#### [INPUT RECORDS]

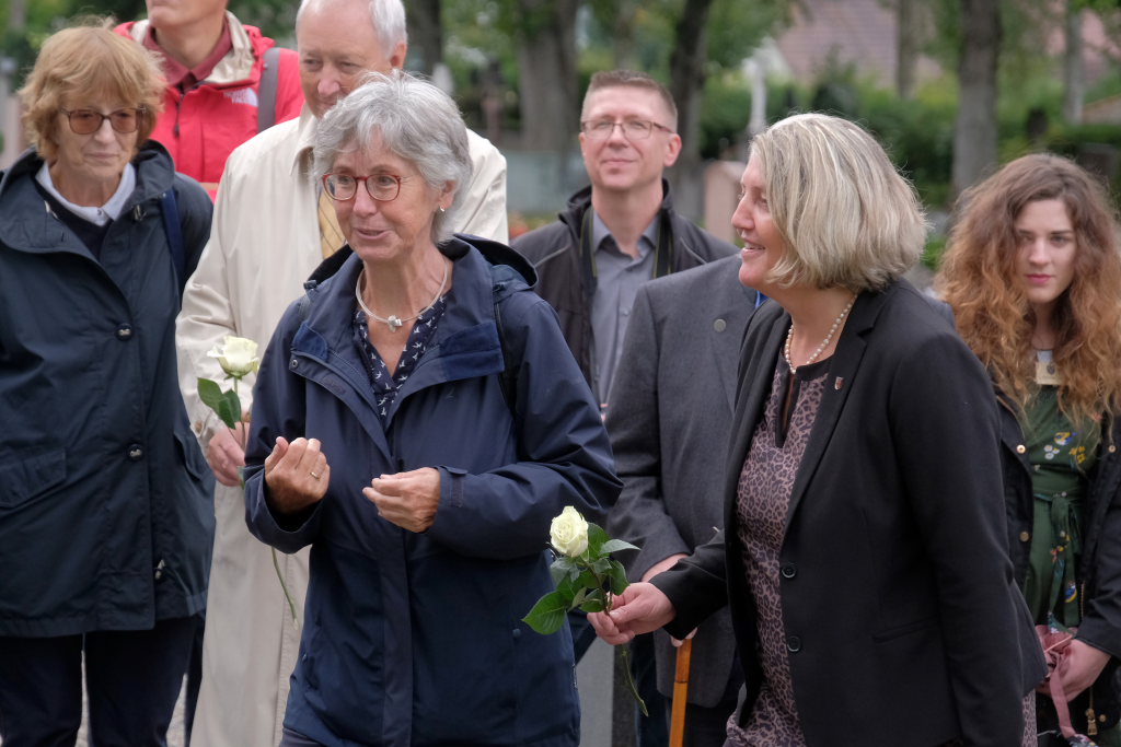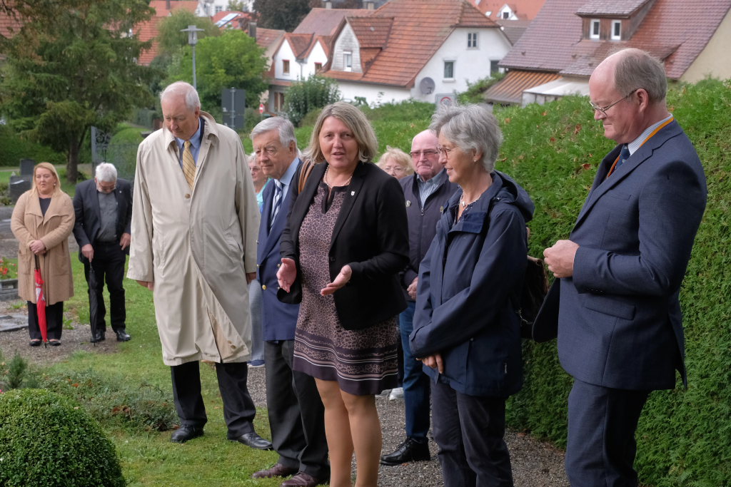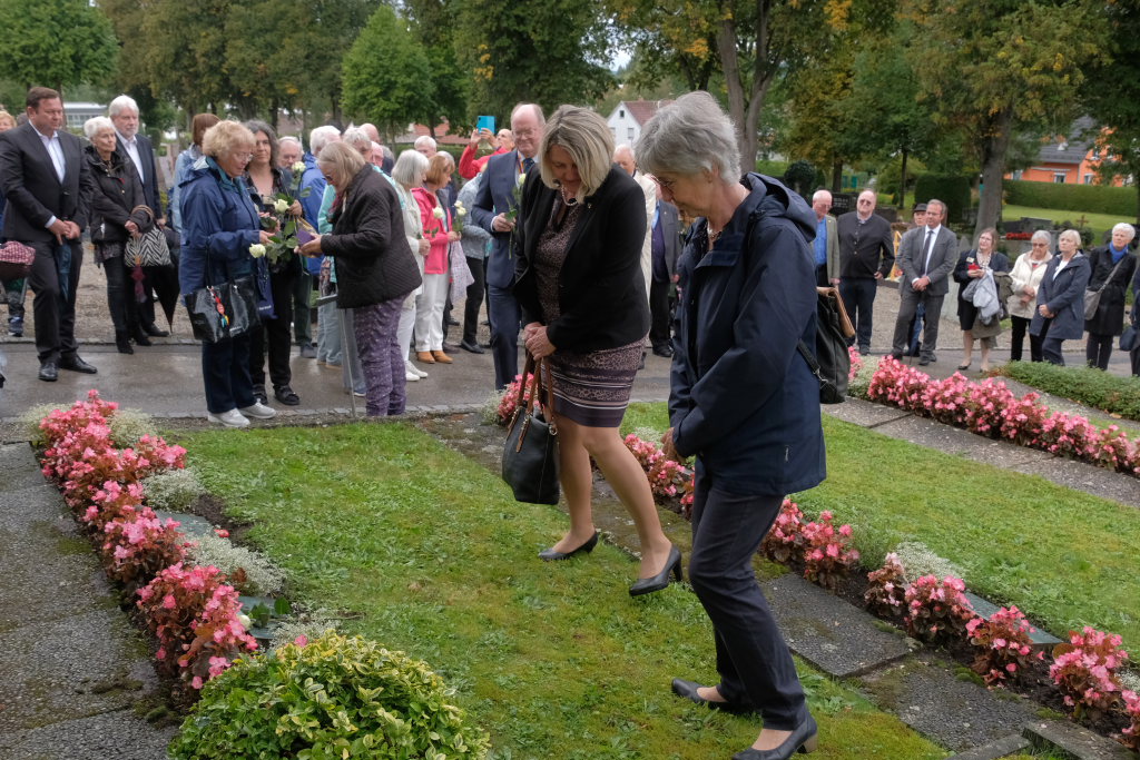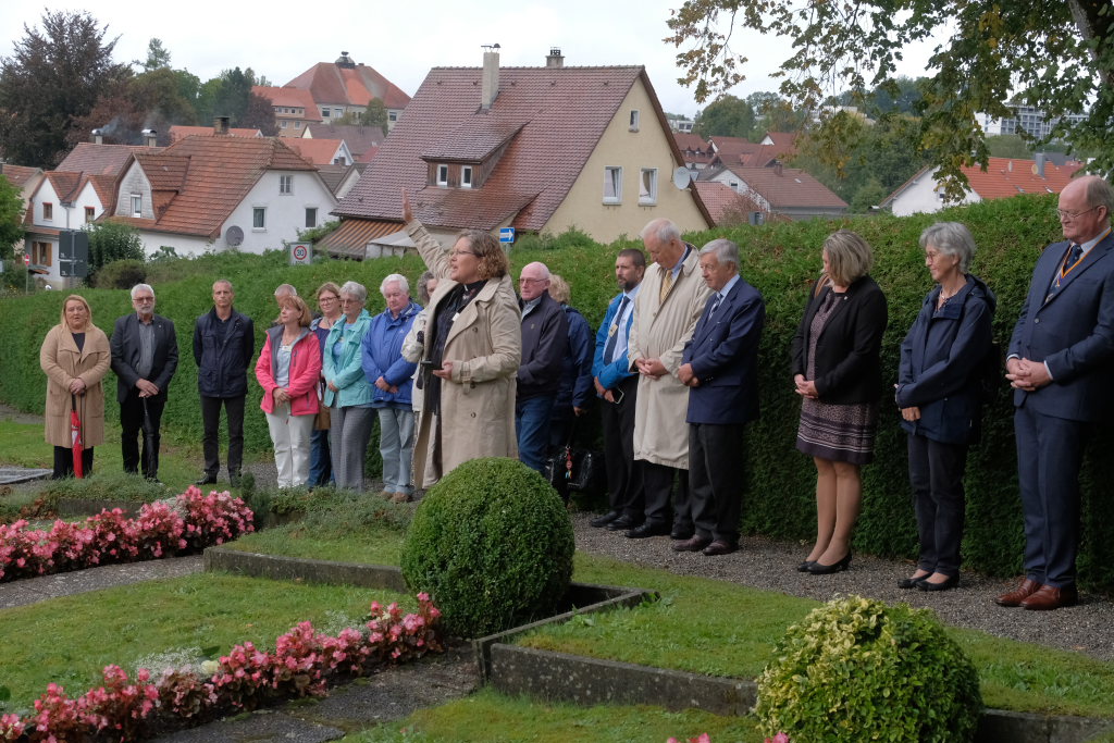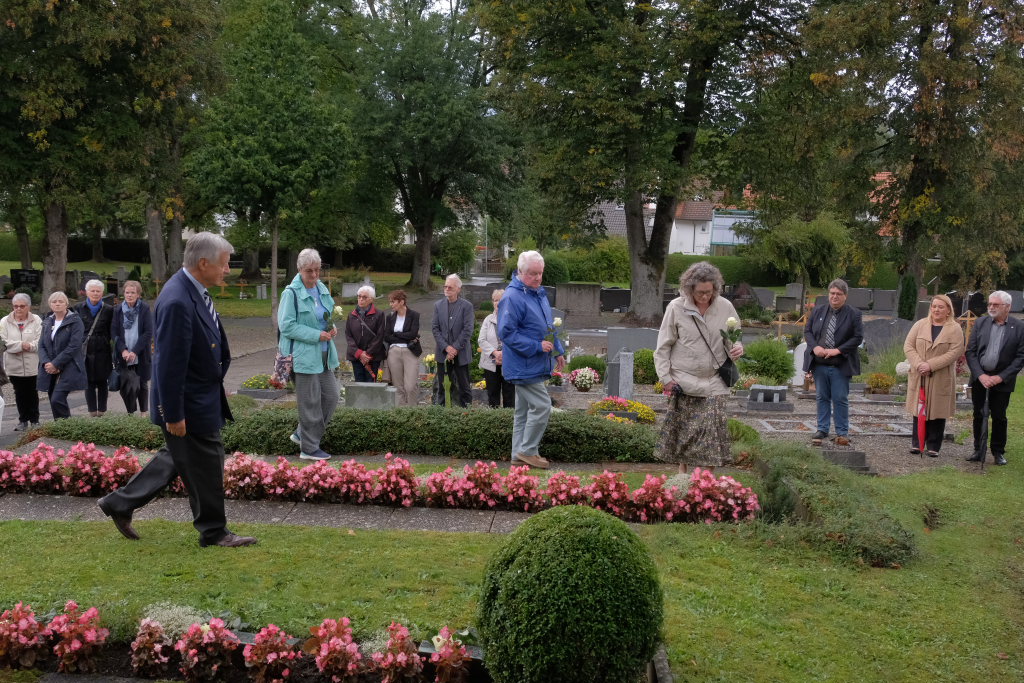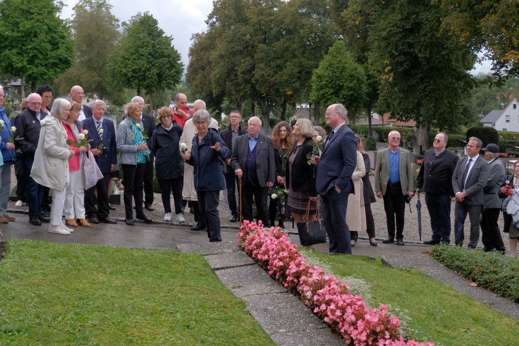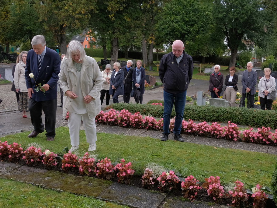 Nach dem St. Anthony Choral von Joseph Haydn ging es zu den Gräbern der in Wurzach verstorbenen Internierten, wo Scherer und Crowcroft sowie die ehemaligen Internierten bzw. ihre Angehörigen jeweils eine weiße Rose auf den Gräbern ablegten, ehe Reverend Sarah McClalland mit dem Segen die Gedenkfeier beendete.
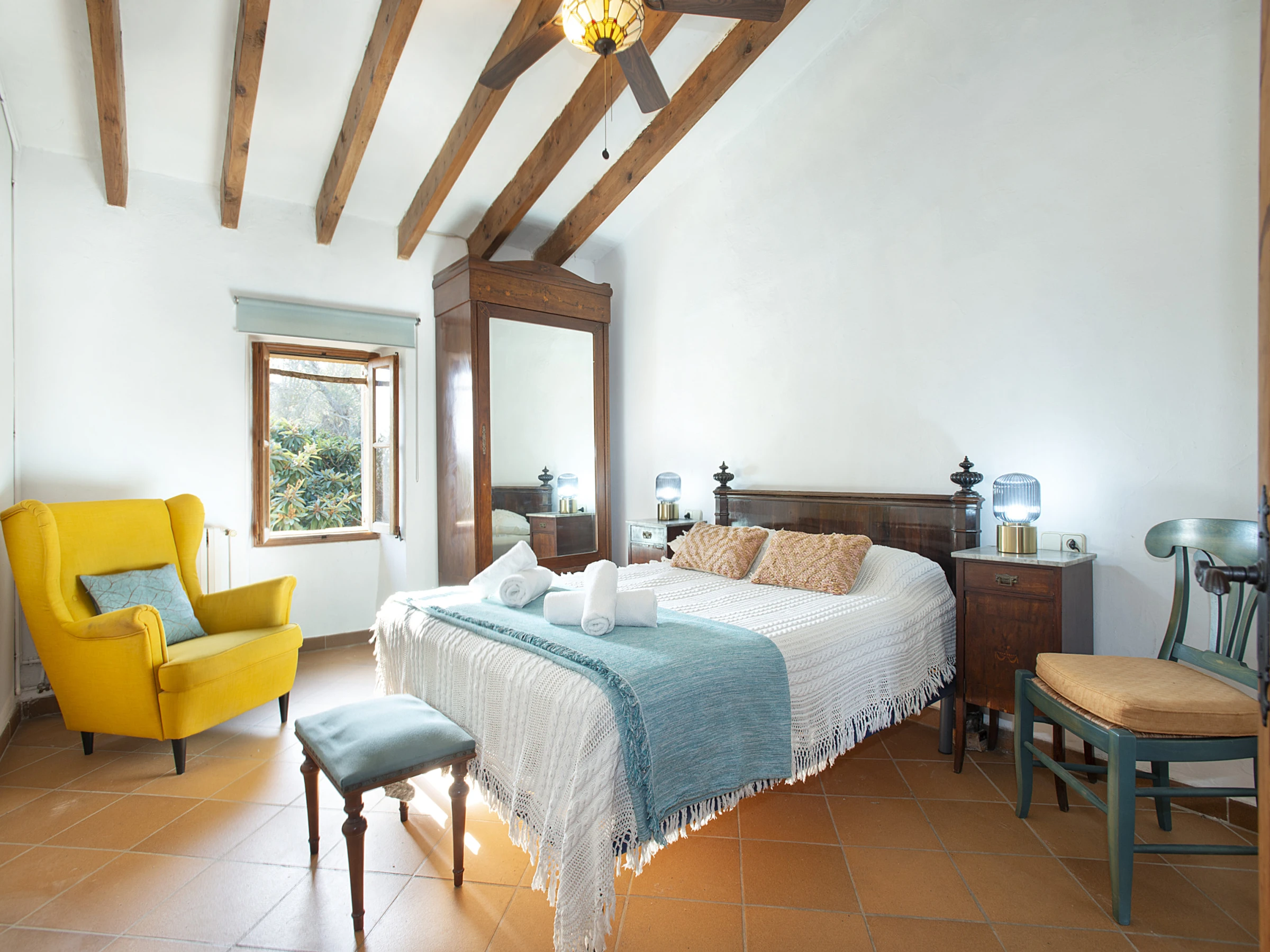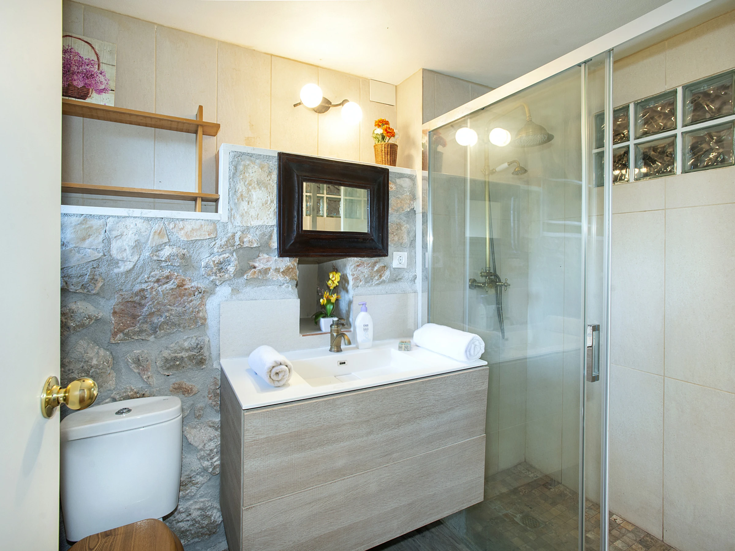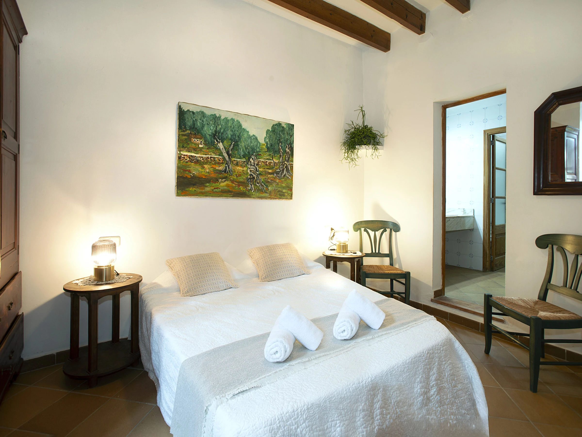 Au premier étage se trouvent les trois autres chambres : deux doubles et une avec deux lits simples, décorées avec la pierre d'origine de la maison. Toutes les chambres ont vue sur le terrain de la propriété et les montagnes environnantes. Il y a une salle de bain complète avec accès depuis l'une des chambres doubles et aussi depuis le salon. Cette salle de bain est partagée par tout l'étage.
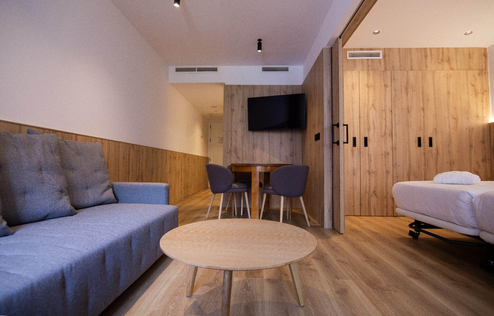 • Versatile living space with sliding privacy partitions.
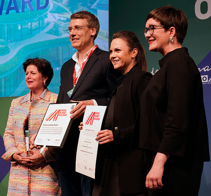 At Baumschlager Eberle Architekten, climate protection is also a top priority in professional life. The managing directors of the Vienna office - Julia Wildfeuer and Jakob Pesendorfer - therefore represented the heads of the Paris office, Anne Speicher and Mathias Bernhardt, at the Austrian Green Planet Building Award (AGPB) ceremony in the Vienna Chamber of Commerce. Astrid Fixl-Pummer (Austrian Foreign Trade) and Henriette Spyra, MA (Climate Ministry) recently presented the certificate to our managers.
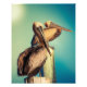 Couple of pelicans, probably still sleepy, pose at dawn, perched on pier posts.
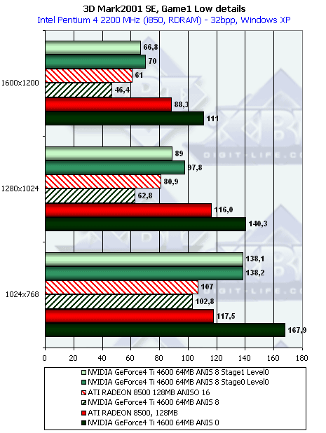 - Тестирование на базе Pentium 4 2200 МГц, 1024x768, Game3 Low
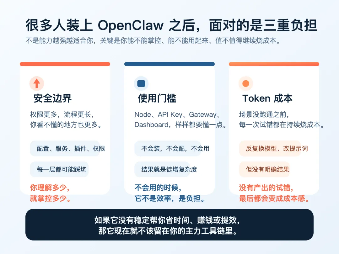 这不是说 OpenClaw 一定没价值。恰恰相反,越是这类能力很强、权限很重、可扩展性很高的工具,越不适合“先装了再说”。你没有明确场景,它就不是生产力工具,而是新的认知负担。
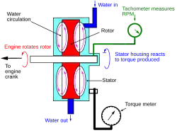 Pour les bancs d'essai où l'on a besoin de connaître le moment du couple d'un arbre, on utilise un peson monté sur une console liée au bâti du moteur, et perpendiculaire à la bielle d'entrée. Le carter de la turbine, ou stator, est monté sur des roulements à rouleaux, et l'arbre est lui-même monté sur des roulements à rouleaux faisant l'interface avec le stator afin qu'il puisse tourner indépendamment. Le peson se trouve entre le bâti et le stator de la turbine, qui a tendance à tourner en sens inverse de l'arbre de la turbine (troisième loi de Newton).
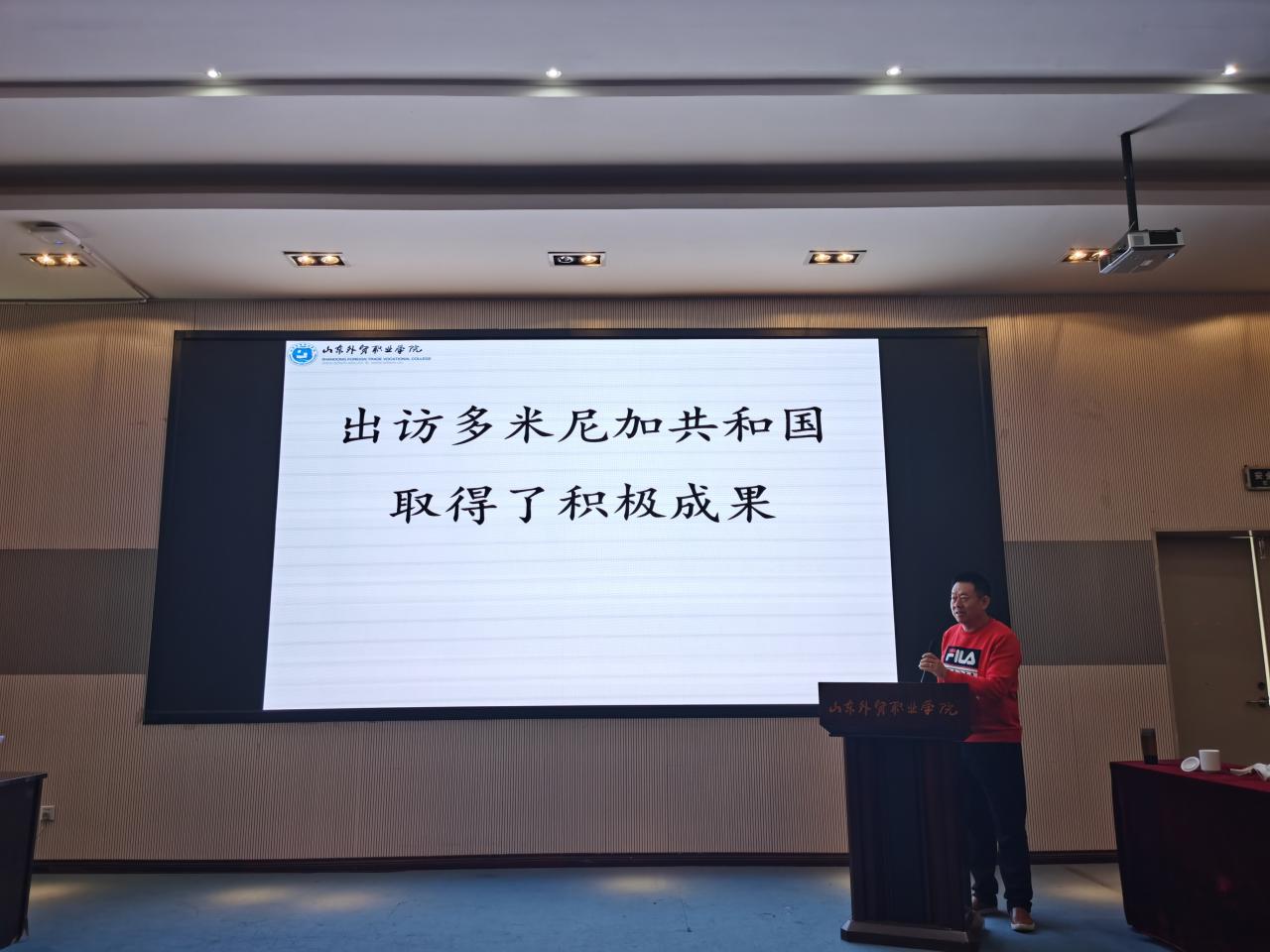 刘希全、王伟和郝冠军结合各自海外班带班工作的亲身经历,分别对“2019年格林纳达冷链物流管理海外研修班”、“2019年厄立特里亚足球、篮球、羽毛球教练海外培训班”和“2019年哥斯达黎加企业集团创新流程管理研修班”三个班的培训情况,以照片、视频和文字的形式进行了展示,让大家近距离了解了援外海外培训工作的流程、带班老师的工作和职责、学员情况和丰富多彩的异国文化。讲座生动、形象,针对性强,参加人员反映很有收获,既进行了海外带班培训,又了解了异国文化与风俗。此外,援外办丁礼章还向大家展示了院长刁建东出访多米尼加共和国和格林纳达取得的多项成果,刁建东院长此次出访,加深了伟德与两国有关机构的联系,伟德将发挥职业教育服务“一带一路”实验基地的作用,整合各类资源,切实将《协议》内容落到实处,在中多两国间孕育更加丰硕的成果。
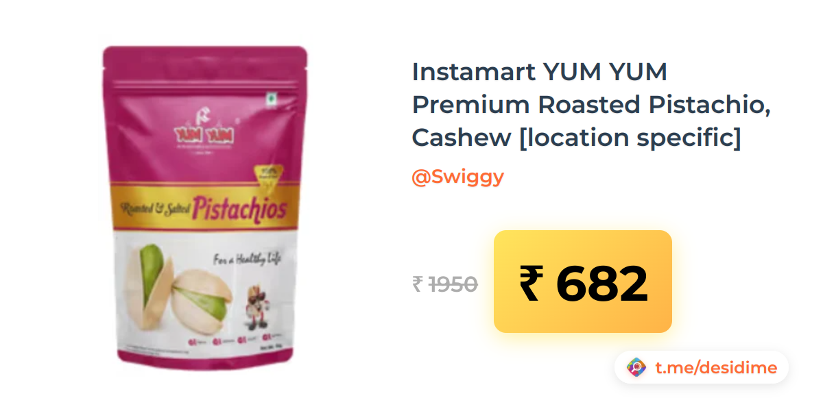 65% off on - Instamart YUM YUM Premium Roasted Pistachio, Cashew [location specific] - Rs. 682

#### [EXERCISE DETAILS]
Could you set down, exactly as written, every line from the start of the records above through the line containing "Couple of pelicans, probably", leaving the pictures out?

#### [ANSWER BELOW]
 Nach dem St. Anthony Choral von Joseph Haydn ging es zu den Gräbern der in Wurzach verstorbenen Internierten, wo Scherer und Crowcroft sowie die ehemaligen Internierten bzw. ihre Angehörigen jeweils eine weiße Rose auf den Gräbern ablegten, ehe Reverend Sarah McClalland mit dem Segen die Gedenkfeier beendete.
 Au premier étage se trouvent les trois autres chambres : deux doubles et une avec deux lits simples, décorées avec la pierre d'origine de la maison. Toutes les chambres ont vue sur le terrain de la propriété et les montagnes environnantes. Il y a une salle de bain complète avec accès depuis l'une des chambres doubles et aussi depuis le salon. Cette salle de bain est partagée par tout l'étage.
 • Versatile living space with sliding privacy partitions.
 At Baumschlager Eberle Architekten, climate protection is also a top priority in professional life. The managing directors of the Vienna office - Julia Wildfeuer and Jakob Pesendorfer - therefore represented the heads of the Paris office, Anne Speicher and Mathias Bernhardt, at the Austrian Green Planet Building Award (AGPB) ceremony in the Vienna Chamber of Commerce. Astrid Fixl-Pummer (Austrian Foreign Trade) and Henriette Spyra, MA (Climate Ministry) recently presented the certificate to our managers.
 Couple of pelicans, probably still sleepy, pose at dawn, perched on pier posts.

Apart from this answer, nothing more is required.